若くして独立したことは強みになるか

29歳のときに監査法人を辞め、独立しました。

税理士業界は、20代というだけでもかなり少数派で、ましてや開業しているとなると、税理士全体の数%にとどまるでしょう。

独立当初から、事務所のアピールをするときには「20代で独立しました。若さを活かしてお客様の成長を支援します!」というようなことを言っていましたが、20代で独立したということは果たして強みになるのでしょうか。

「こいつに頼って大丈夫か?」

4月に統一地方選挙が行われます。

その影響もあってか、駅前には多くの議員や議員候補者が早朝から演説やビラ配りをしています。

その中には、20代半ばの若い議員の人もいて、道行く人に盛んに「25歳の〇〇です!若さを活かしてがんばります!」とアピールを続けていました。

政治に若い人が参画することは素晴らしいことですし、若い世代の声を反映させるために、20代や30代の人を政界に送り込むことは良いことだと思います。

しかし、その演説している20代の議員に対して私が率直に感じたことは、「この若造に政治を任せて大丈夫か?」という感想です。

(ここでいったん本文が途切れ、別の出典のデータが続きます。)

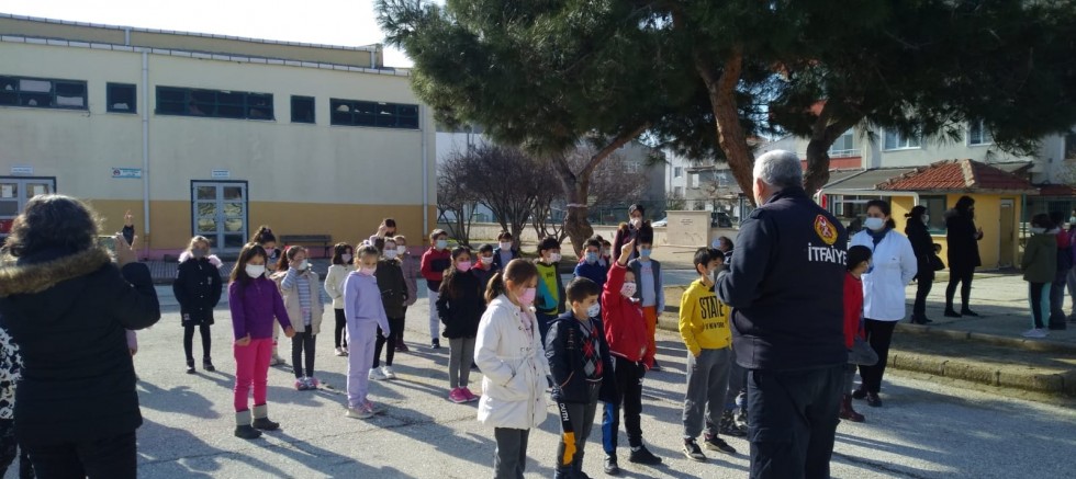 İtfaiye Müdürlüğü personelleri; dün 26 Kasım İlkokulu’ndaki öğrencilere ‘Yangın Güvenliği Temel Eğitimi’ konulu teorik ve pratik eğitim programı düzenledi. İtfaiye Müdürlüğü ekipleri, eğitimde ayrıca itfaiye teçhizatları hakkında bilgi verdi.
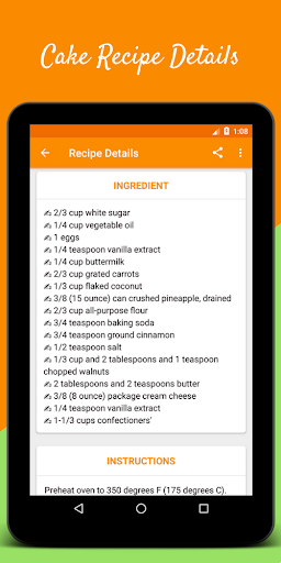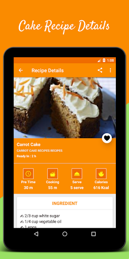 Some people want eggless cake recipe for their daily dessert, for them this app is ideal. Lot's of eggless cake recipe you can get through this app. This Carrot Cake Recipe app is on of the best offline cake recipe app for everyone. You can use each healthy cake recipes from this app in offline.

私が自分の事務所を宣伝するときにも、「20代で開業し、若さを武器に経理・税務をお手伝いします。」というようなことを言ってきましたが、客観的に同じようなフレーズを聞くと、むしろ若さなど強みでもなんでもなくて、むしろその若さが不安要素になってしまうのではないかと感じました。

年齢そのものはアピールすることではない

もちろん、若さを売り出すことが悪いことだとは思いません。

若い先生に気軽に相談したいというニーズもあるでしょうし、経営者も20代、30代といった場合には、同世代の若い税理士のほうが良いということもあるでしょう。

しかし、若さをあまり前面にアピールしても、「若いこと以外にアピールすることないのか?」というふうにも捉えられかねません。

重要なのは、年齢ではなく、結局は実際に持っているスキルや実績でしかありません。

資産税の実務を何十件とこなしてきており、何千万円単位の節税を勝ち取ったことがある、という具体的な実績があり、かつそれを20代で経験してきた、ということであれば、若さという要素はアピールポイントとして強く作用するでしょうが、そういった実績がなく、ただ年齢だけを主張しても、私があの駅前にいる20代議員に対して感じたのと同じような「頼りなさ」を感じるだけでしょう。

年齢はそれ自体アピールするものではなく、それまでに培ってきたスキルや実績を付加する副次的な要素でしかないのかもしれません。

「年齢なんてただの数字よ」

会計・税務のプロとして仕事をする以上、結局は実力で勝負するしかありません。

年齢や若さというのは、実績やスキルを補強する要素ではあっても、年齢自体にあまりアピールする価値はないのかもしれません。

萬田久子さんが書いた、この本のタイトルのとおりなのではないでしょうか。

Age is just a number!

(年齢なんてただの数字よ)

Age is just a number! オンナのキレイ、秘密のTheory

自分がどういうスキルを持っていて、どういうことができるのか、あるいは仕事に対するスタンスなど、若さや実績だけでなく、ブログなどを通じて自分自身のパーソナリティをいろんな視点から発信していきたいと改めて思いました。


【編集後記】

2/27(水)はお客様の会社で決算支援作業。

スーツが破れたので、新宿のビックロ内にあるジーユーでジャケットとスラックスを買いましたが、これがかなりいい。

というより、もうスーツはジーユーでいいんじゃないかという気がしています。

それぐらいジーユーのセットアップは素晴らしい。